As a result, the Slow Factory's most popular class on cultural appropriation will also be taught in person. "We're not inventing new solutions necessarily, but we're voicing the concerns that the global majority has about fashion and normalizing the conversation by allowing people to have vocabulary around cultural appropriation. This helps them to look further into their design strategies."
Literacy in sustainable fashion is hugely important. So often, problems are spoken about without real, accurate data or historical knowledge. A good example might be an often used but unverified claim that fashion is the second most polluting industry in the world — there's no data to support this, and repeating it helps overshadow real facts about fashion's pollution problems. Seeman believes that helping designers make a connection between this science, fabrication techniques and their cultural origins before something is created is a way to decolonize the fashion industry, thus making it more sustainable.
"We're focused on all aspects of design before garments are made because pollution is by design. Waste is by design," she says.
Though the full curriculum for the new in-person program hasn't been laid out yet, the teachers for the current online classes are reiterating the school's importance.
"One of the biggest education gaps in fashion is spending too much time on the individualistic aspect of the industry," Akilah Stewart, founder of FATRA, a creative waste management company, and teacher of upcycling at Slow Factory, tells us.
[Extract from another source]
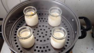 放入蒸锅中隔水蒸到布丁液凝固(大约30多分钟)
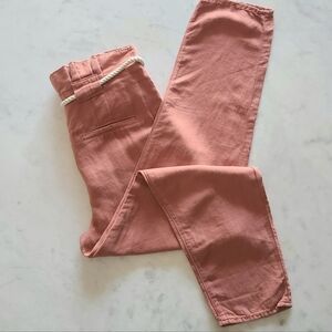 The Veronica Beard Karter crop pants are crafted from a breezy linen and cotton blend. They have a relaxed silhouette with pleated hip details, side pockets, faux welt pockets at back, and a natural rope belt. Color is 'mocha' but resembles more of antique rose.

Fashion's glamorous side often exists for the individual, she explains, and hides the fact that fashion has a global impact: "Fashion also needs historians, scientists, community organizers and more to assist with wicked problems within the industry." Stewart also emphasized that what she wants her students to understand is that we can't separate sustainability as its own category — instead, we have to incorporate it into design.
The Slow Factory Institute opens in October 2022, and classes will be available for everyone, including design students and existing workers at the Made in New York hub.
"Communities are the backbone of every single revolution and every single movement," Semaan says. "We're a community-centered organization. We're working for and with our community to create change."